Copy exactly the lines of the records below, and only those lines, beginning with the line that contains "Zásuvkový box KARMA" and ending with the line that contains "Card Sold $129.00".

Top of Data supplied

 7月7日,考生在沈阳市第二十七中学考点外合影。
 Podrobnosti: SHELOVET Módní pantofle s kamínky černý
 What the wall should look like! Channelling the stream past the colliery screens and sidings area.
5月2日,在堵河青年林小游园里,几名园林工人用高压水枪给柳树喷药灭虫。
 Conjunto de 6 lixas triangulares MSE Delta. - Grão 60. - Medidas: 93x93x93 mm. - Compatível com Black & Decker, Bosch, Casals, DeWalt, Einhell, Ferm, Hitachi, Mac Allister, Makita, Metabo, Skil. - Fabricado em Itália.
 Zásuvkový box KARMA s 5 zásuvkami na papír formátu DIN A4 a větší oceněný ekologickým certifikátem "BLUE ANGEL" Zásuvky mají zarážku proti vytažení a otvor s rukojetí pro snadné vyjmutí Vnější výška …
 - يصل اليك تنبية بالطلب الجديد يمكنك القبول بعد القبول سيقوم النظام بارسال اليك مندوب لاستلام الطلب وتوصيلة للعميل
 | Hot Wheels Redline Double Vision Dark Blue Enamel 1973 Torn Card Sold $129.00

Bottom of Data supplied
Top of Data supplied

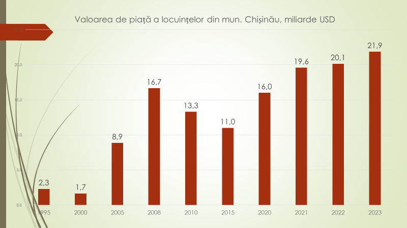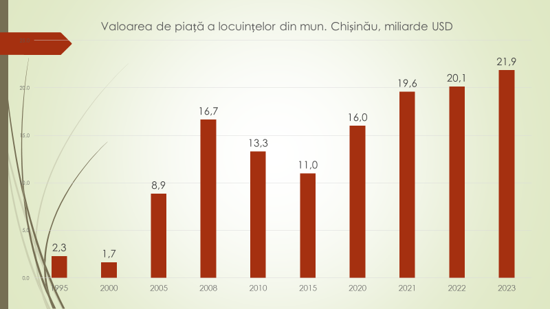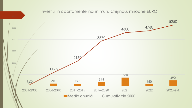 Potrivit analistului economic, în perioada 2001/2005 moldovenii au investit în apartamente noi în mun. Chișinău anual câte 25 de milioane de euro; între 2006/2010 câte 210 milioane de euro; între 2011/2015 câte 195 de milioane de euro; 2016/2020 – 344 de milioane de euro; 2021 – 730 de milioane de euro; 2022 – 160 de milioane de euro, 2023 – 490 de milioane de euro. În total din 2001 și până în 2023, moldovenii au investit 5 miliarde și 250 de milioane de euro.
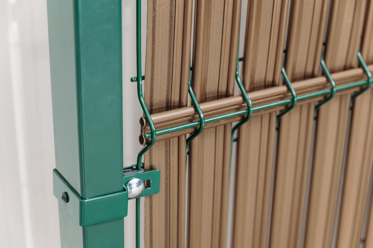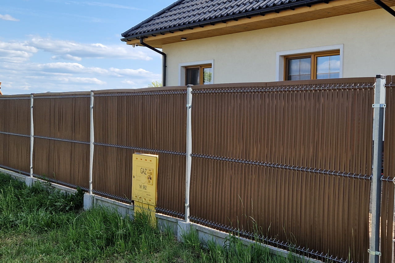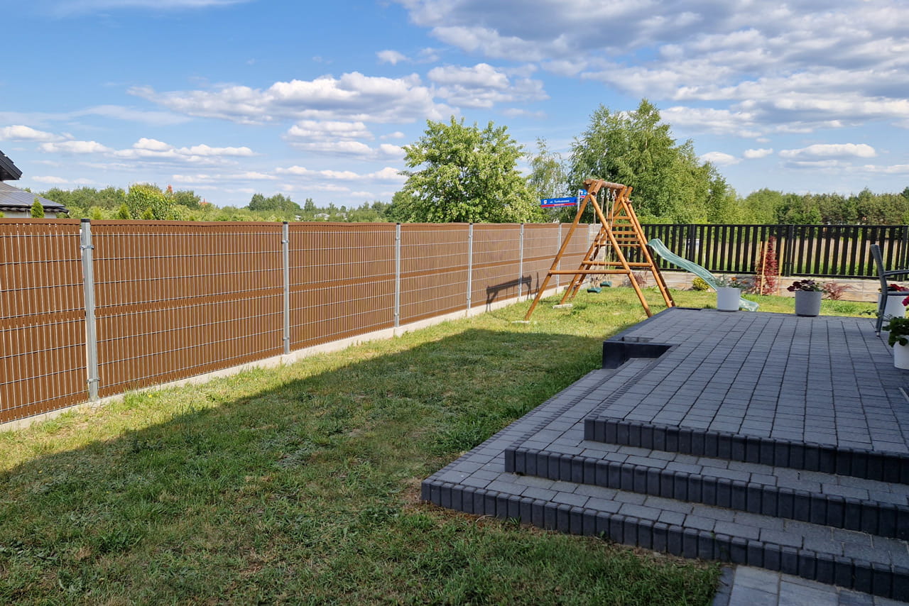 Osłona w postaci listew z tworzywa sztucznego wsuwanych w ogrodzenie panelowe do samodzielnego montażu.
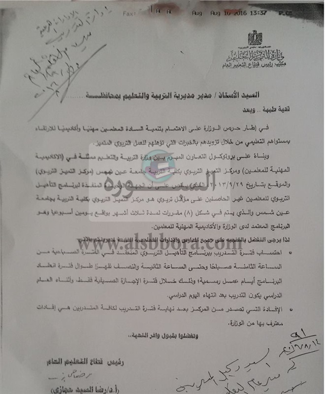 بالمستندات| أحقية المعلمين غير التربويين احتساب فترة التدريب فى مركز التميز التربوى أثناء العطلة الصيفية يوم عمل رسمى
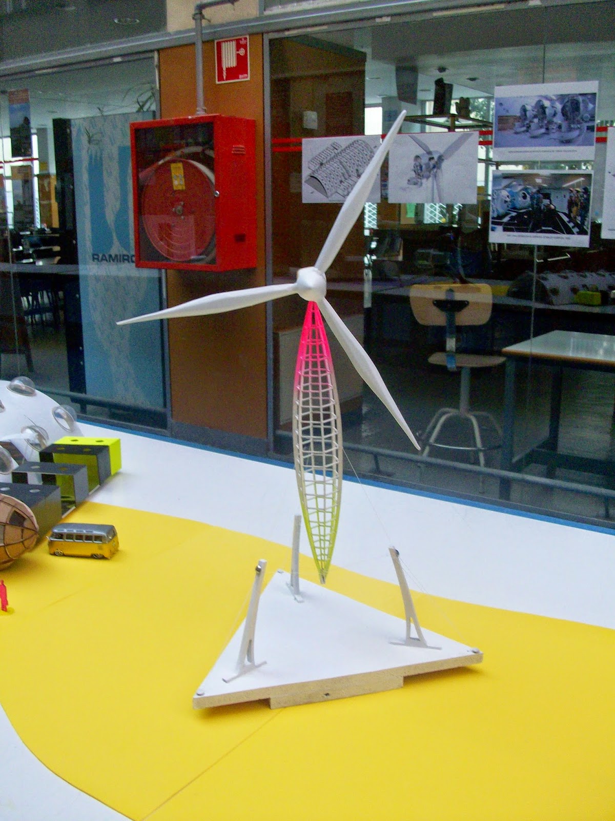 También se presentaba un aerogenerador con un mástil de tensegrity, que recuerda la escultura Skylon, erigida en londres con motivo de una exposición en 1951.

Bottom of Data supplied

Task output:
 Zásuvkový box KARMA s 5 zásuvkami na papír formátu DIN A4 a větší oceněný ekologickým certifikátem "BLUE ANGEL" Zásuvky mají zarážku proti vytažení a otvor s rukojetí pro snadné vyjmutí Vnější výška …
 - يصل اليك تنبية بالطلب الجديد يمكنك القبول بعد القبول سيقوم النظام بارسال اليك مندوب لاستلام الطلب وتوصيلة للعميل
 | Hot Wheels Redline Double Vision Dark Blue Enamel 1973 Torn Card Sold $129.00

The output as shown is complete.